Work to complete: No picture belongs in the copy. Repeat each line below exactly.
++++ Data excerpt
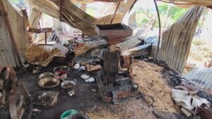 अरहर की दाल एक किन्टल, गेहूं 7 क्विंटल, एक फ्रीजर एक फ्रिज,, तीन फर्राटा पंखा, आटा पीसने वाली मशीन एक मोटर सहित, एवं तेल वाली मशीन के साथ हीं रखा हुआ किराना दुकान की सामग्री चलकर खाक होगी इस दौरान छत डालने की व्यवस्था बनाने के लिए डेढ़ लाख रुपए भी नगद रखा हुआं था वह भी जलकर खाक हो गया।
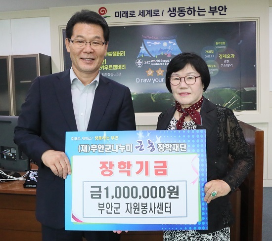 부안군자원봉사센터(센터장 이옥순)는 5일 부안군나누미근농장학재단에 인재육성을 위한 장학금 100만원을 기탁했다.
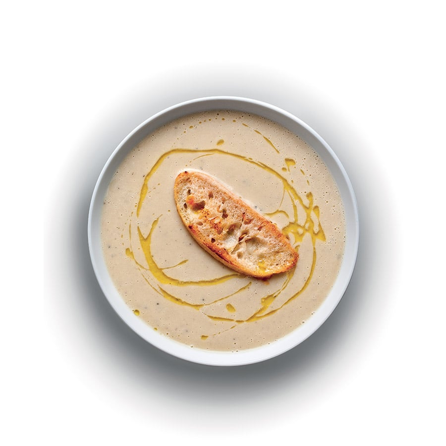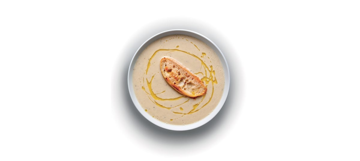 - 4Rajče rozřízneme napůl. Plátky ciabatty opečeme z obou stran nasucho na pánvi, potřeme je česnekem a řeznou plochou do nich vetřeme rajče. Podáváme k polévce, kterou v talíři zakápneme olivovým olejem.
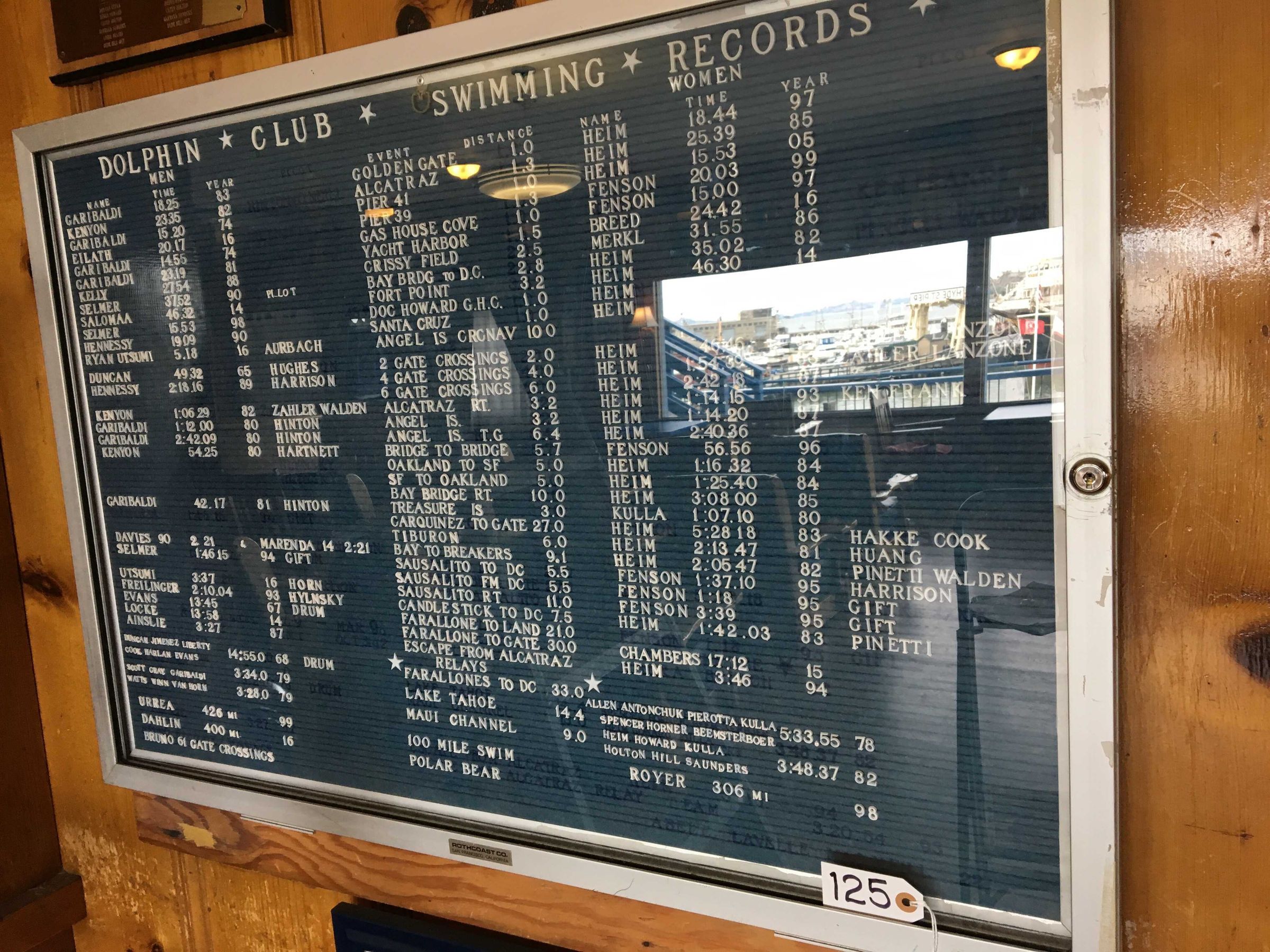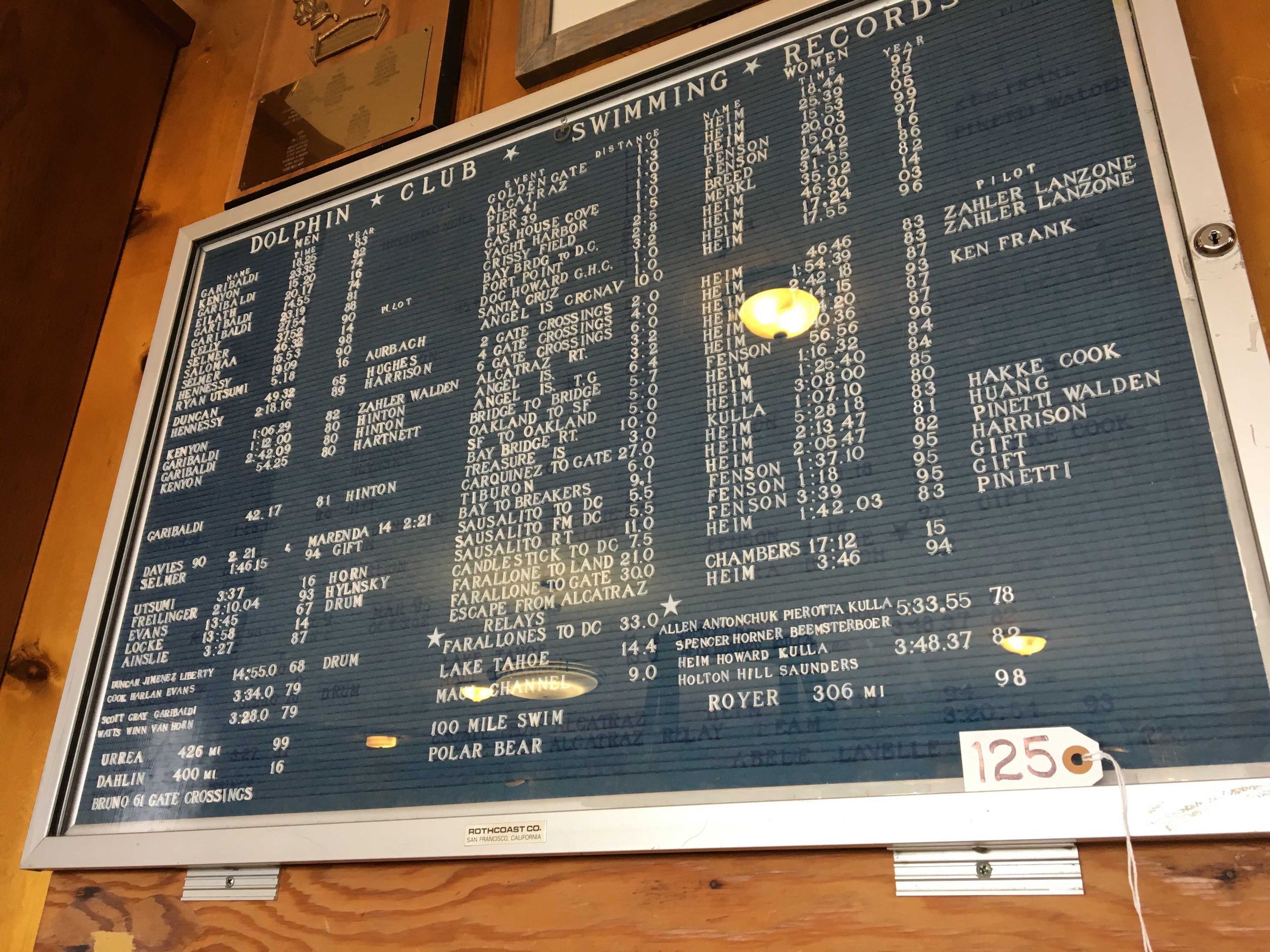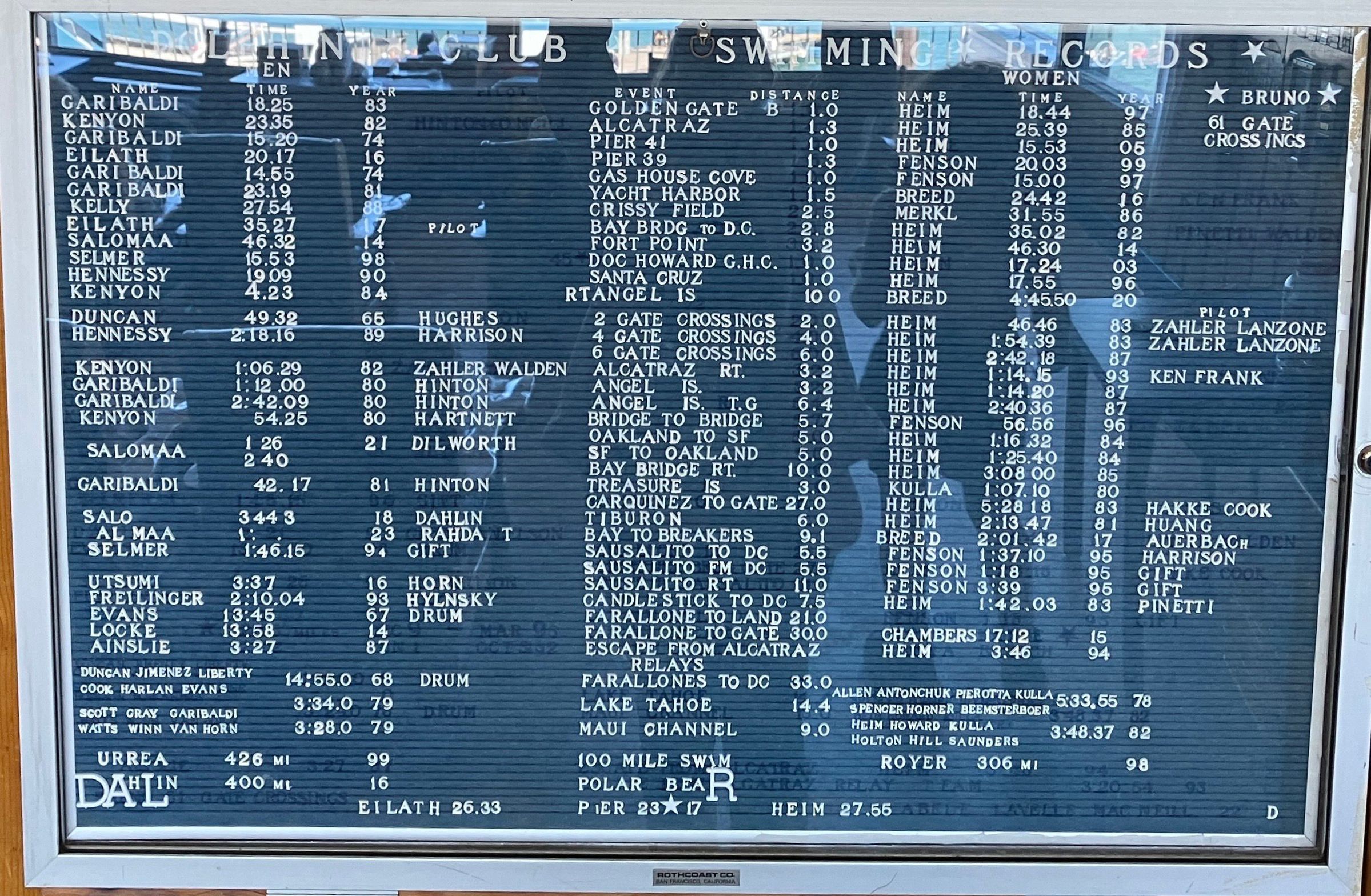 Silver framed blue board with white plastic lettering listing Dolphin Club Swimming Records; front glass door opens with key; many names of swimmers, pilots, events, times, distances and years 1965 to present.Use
++++++++
Solution to this exercise:
 अरहर की दाल एक किन्टल, गेहूं 7 क्विंटल, एक फ्रीजर एक फ्रिज,, तीन फर्राटा पंखा, आटा पीसने वाली मशीन एक मोटर सहित, एवं तेल वाली मशीन के साथ हीं रखा हुआ किराना दुकान की सामग्री चलकर खाक होगी इस दौरान छत डालने की व्यवस्था बनाने के लिए डेढ़ लाख रुपए भी नगद रखा हुआं था वह भी जलकर खाक हो गया।
 부안군자원봉사센터(센터장 이옥순)는 5일 부안군나누미근농장학재단에 인재육성을 위한 장학금 100만원을 기탁했다.
 - 4Rajče rozřízneme napůl. Plátky ciabatty opečeme z obou stran nasucho na pánvi, potřeme je česnekem a řeznou plochou do nich vetřeme rajče. Podáváme k polévce, kterou v talíři zakápneme olivovým olejem.
 Silver framed blue board with white plastic lettering listing Dolphin Club Swimming Records; front glass door opens with key; many names of swimmers, pilots, events, times, distances and years 1965 to present.Use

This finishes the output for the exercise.